The novel is arranged by chapters that each start with a letter of the alphabet and provide a clue about the chapter contents:

B
Bartelby \bâr-tǝl-bē)\, n 1 : a scrivener 2 a : a man with many friends and casual acquaintances : BART b slang : life of the party ; a person who is never lonely, especially not on Friday night

The chapters alternate between Anana’s and Bart’s point of view as they try to uncover what has happened to Doug. Anana’s are straight narrative, while Bart’s are told through a series of journal entries. The language disease that affects the characters is sometimes serious but also used to great comic effect:

The driver was gruff. My adrenaline had worn off enough that I was starting to feel the first boln of an emotional hangover after what I’d said to Ana’s family.
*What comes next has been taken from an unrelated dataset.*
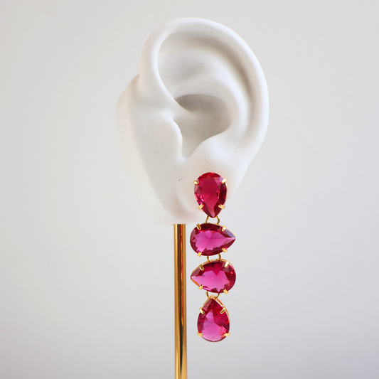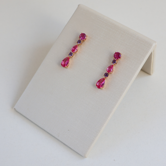Brinco Dourado e Cristal Fúcsia - Semijoia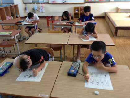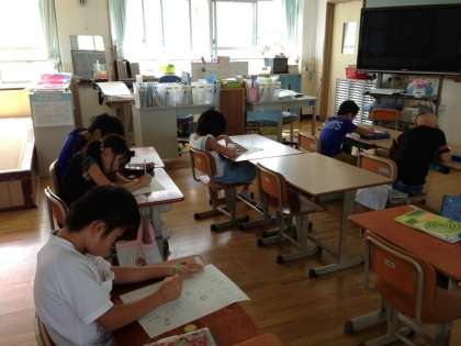 かしのみ学級の漢字検定の様子です。みんな真剣です。交流学習の人もいたので、2時間にわけておこないました。

But most of all I was disconcerted by her mention of a doctor. And what she’d teedom about a device also had me kind of spooked; it got me started worrying a bit about the Meme. While I was shyoxing, I pold a text from Ana on my phone. It said, “I rain chuang kist you away. Sorry tic konдooлeeteч display. Stop u hui dome tode.” And then a message appeared with the blue “WE” Word Exchange logo: “Would you liek the meaning? Yes/No.”
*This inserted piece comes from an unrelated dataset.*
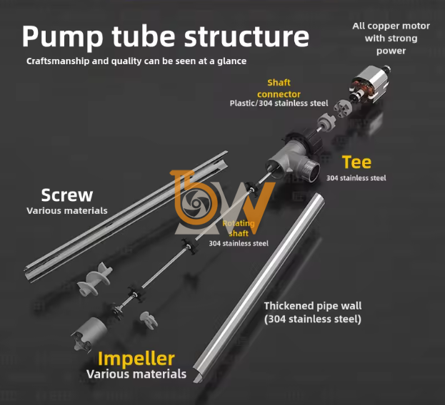 Sau khi khởi động, cánh bơm tạo ra chênh lệch áp suất để hút chất lỏng từ bên trong thùng chứa vào ống bơm. Với kích thước ống Φ45/54 × L950mm, có thể tùy chỉnh chiều dài, máy dễ dàng tiếp cận phần chất lỏng trong thùng phuy lớn và duy trì quá trình hút tương đối đều trong suốt thời gian vận hành.

In truth, the “new” words infecting people in the book can be a bit distracting, but even though Graedon uses them comically they never become a joke. The Word Exchange is also peppered with wordplay and literary references that deep readers will enjoy. Likewise, if you’re interested in or familiar with the culture of technology start ups, you’ll recognize some of the characters Bart gets mixed up with. (In fact, I finished reading this right around the time Silicon Valley premiered on HBO, and even before I started watching the show I was already picturing warm, hapless Bart as the actor Zach Woods, whom some of you might also recognize as Erin’s boyfriend from The Office.)

As a person who still refuses to use most popular abbreviations or shortened words (“u” for you, “tho” for though), even on Twitter, the parts about the disintegration of language bothered me a bit. While I was reading the book I remembered a news story about vocabulary words that were being removed from the SAT test and replaced with more “relevant” words that kids experience in everyday life and classrooms. (I can’t find any examples, but I seem to remember seeing another article that said “uncommon” words such as sagacious and plethora were on the list. And in fact, Google Drive has marked sagacious as misspelled as I type this—it isn’t—and offers no replacement or suggestion. Shudder.) To be sure, the dumbing down of our vocabulary has already started, but I for one am disinclined to blame technology, the same way I do not fault my car for my lack of muscle tone. Luckily, Graedon only gets a bit heavy-handed on a few sections of the book, and she herself readily admits to a bit of smartphone addiction.

Overall The Word Exchange is a fun, intelligent mystery novel. Four out of five stars.

Full disclosure: I received a copy of The Word Exchange from NetGalley in exchange for my honest review.

2 thoughts on “Reader’s Journal: The Word Exchange

  1. What! I am hung up on “sagacious” and “plethora” being unusual words. But that is crazy! I use those words constantly! Especially plethora. I say “plethora” at least five times a week. How will the youths understand me when I speak?

  2. Jenny, I about fell out of my chair when I saw the article. What scares me is, who is deciding what words are more relevant? And also, does that mean that travesties such as “synergy” will now be on the SAT?